Other situations addressed by more than one speaker were critical errors introduced by machine translation. Recurrent MT issues are the subject of numerous research projects, and include hallucination, negation, and other limitations that at times boil down to a lack of proper resources (i.e. datasets or training approaches), especially for low-resource languages.
One interesting concept explored was that of emotion or sentiment as a function of context, and how machine translation can fail to capture and convert the emotional load of a given discourse, particularly social media texts.
There were some dramatic examples of the erroneous emotion/sentiment issue in the English <> Chinese and English <> Arabic combinations presented by NLP scientists, where meaning was not only lost in the target, but disconcertingly twisted by Google Translate.
Results are at times nonsensical (“countless grass and mud horses floated in my hearts” → correct: “countless ‘expletive’ your mother appeared in my mind”) and at times inflammatory (“If you blew yourself up, God would forgive you” → correct: “he blew himself up, God will never forgive”), but all times incorrect in the examples provided.
Shaping Collaboration Beyond Tested Workflows
Collaboration in language services happens not only at events like the Convergence Conference. It also occurs fluidly in organizations that bring together industry professionals and individuals.
Gökhan Firat, of the University of Surrey, referred to the practitioner-centric collaboration that happens organically using the term “transcooperation.” It basically expresses the concept of people who contribute to the evolving human-machine interaction through organizations like The Community Language Cooperative, Barcelona’s Linguistic Services Cooperative, and many more.

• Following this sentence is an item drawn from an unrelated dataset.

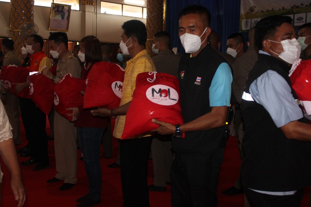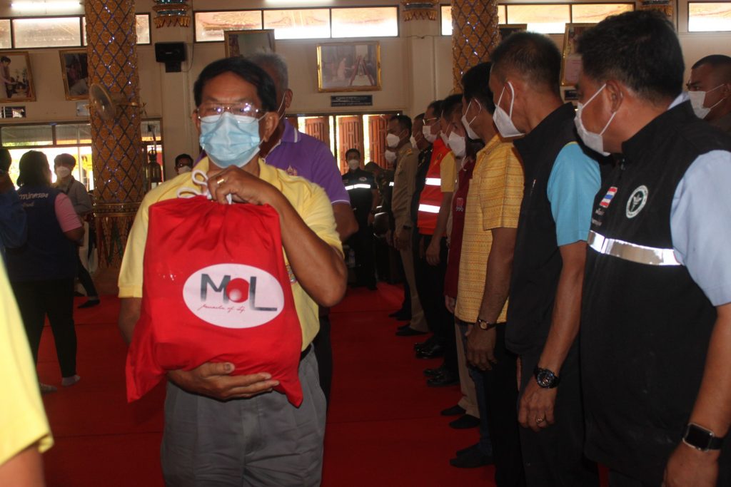 เมื่อเวลา 13 นาฬิกา ของวันที่ 23 ตุลาคม 2564 ที่ศาลาการเปรียญวัดกัทลีพนาราม หรือวัดบ้านกล้วย ตำบลบ้านกล้วย อำเภอบ้านหมี่ จังหวัดลพบุรี ร้อยตำรวจโท ดร.มนัส โนนุช ประธานมูลนิธิมิราเคิล ออฟไลฟ์ เป็นประธานในพิธีมอบถุงยังชีพ ตามโครงการ “หนึ่งใจ…ช่วยเหลือผู้ประสบภัย” ซึ่งมูลนิธิมิราเคิล ออฟไลฟ์ ร่วมกับสภาสังคมสงเคราะห์แห่งประเทศไทย ในพระบรมราชูปถัมภ์ สำนักงานตำรวจแห่งชาติ คณะ วปอ.55 และหน่วยงานในจังหวัดลพบุรี ร่วมกันจัดขึ้น เพื่อช่วยเหลือผู้ประสบอุทกภัยในพื้นที่ตำบลบ้านกล้วย ตำบลพุคา และตำบลดงพลับ อำเภอบ้านหมี่ จังหวัดลพบุรี โดยมีนายสุภกิณห์ แวงชิน รองผู้ว่าราชการจังหวัดลพบุรี พร้อมด้วยนายธีรเมธ เทพพิชัยศิลปกุล นายอำเภอบ้านหมี่ และหน่วยงานราชการที่เกี่ยวข้อง ร่วมมอบถุงยังชีพ จำนวน 500 ชุด ให้แก่ตัวแทนผู้ประสบภัยน้ำท่วม เพื่อนำไปมอบให้กับประชาชนผู้ที่ประสบภัยน้ำท่วมในพื้นที่ตำบลดงพลับ จำวน 100 ชุด ตำบลพุคา จำนวน 100 ชุด ตำบลบ้านกล้วย จำนวน 300 ชุด ในพื้นที่ 3 ตำบล ของอำเภอบ้านหมี่ จังหวัดลพบุรี เพื่อบรรเทาความเดือดร้อนให้กับประชาชน จากนั้น ได้ลงพื้นที่มอบถุงยังชีพให้กับ นายคำพันธ์ แสนสุข ผู้สูงอายุ บ้านเลขที่ 49 หมู่ที่ 9 ตำบลบ้านกล้วย อำเภอบ้านหมี่ นางเวิน บอกบุญ ผู้สูงอายุ อยู่บ้านเลขที่ 119 หมู่ที่ 4 ตำบลบ้านกล้วย อำเภอบ้านหมี่ นางรัศมี โสภา ผู้สูงอายุ อยู่บ้านเลขที่ 48/1 หมู่ที่ 4 ตำบลบ้านกล้วย อำเภอบ้านหมี่ นางพัชนี ทองนาค ผู้สูงอายุ อยู่บ้านเลขที่ 165 หมู่ที่ 5 ตำบลข้านกล้วย อำเภอบ้านหมี่ และนางส่วน ควรชอบ ผู้สูงอายุ อยู่บ้านเลขที่ 3/1 หมู่ที่ 5 ตำบลบ้านกล้วย อำเภอบ้านหมี่ จังหวัดลพบุรี ทั้งนี้ สถานการณ์อุทกภัยที่เกิดขึ้นในพื้นที่อำเภอบ้านหมี่ จังหวัดลพบุรี ในระลอกที่หนึ่งและในระลอกสอง รวม 11 ตำบล 73 หมู่บ้าน 7979 ครัวเรือน ประชากร 23,208 คน พื้นที่ทางการเกษตร จำนวน 41,241 ไร่ ซึ่งทางผู้ว่าราชการจังหวัดลพบุรี ได้มอบหมายให้หน่วยงานที่เกี่ยวข้อง และองค์กรปกครองส่วนท้องถิ่น ได้เข้าสำรวจความเสียหายและเข้าไปดำเนินการให้ความช่วยเหลือในเบื้องต้นแล้ว

Crowd-supported language conversion is one of those contributions, and a topic discussed by several speakers. Crowd translation has its uses, such as in emergency/crisis situations that require multinational intervention. The question many people raised in different ways was how artificial intelligence is going to affect crowd translation workflows. And there is no one answer, but several possible approaches involving human-machine collaboration are on the horizon.
The Convergence Conference was an extraordinary series of multidisciplinary thematic panels, each bringing together experts with innovative and often eyebrow-raising perspectives, new empirical approaches, and a deep breakdown of the different technologies and real-world applications and their limitations.
In the era of open collaboration, we can expect to see more of these events stressing the cooperative aspect of language conversion as it increasingly revolves more around technology than it does about how it can be best utilized to aid human applications.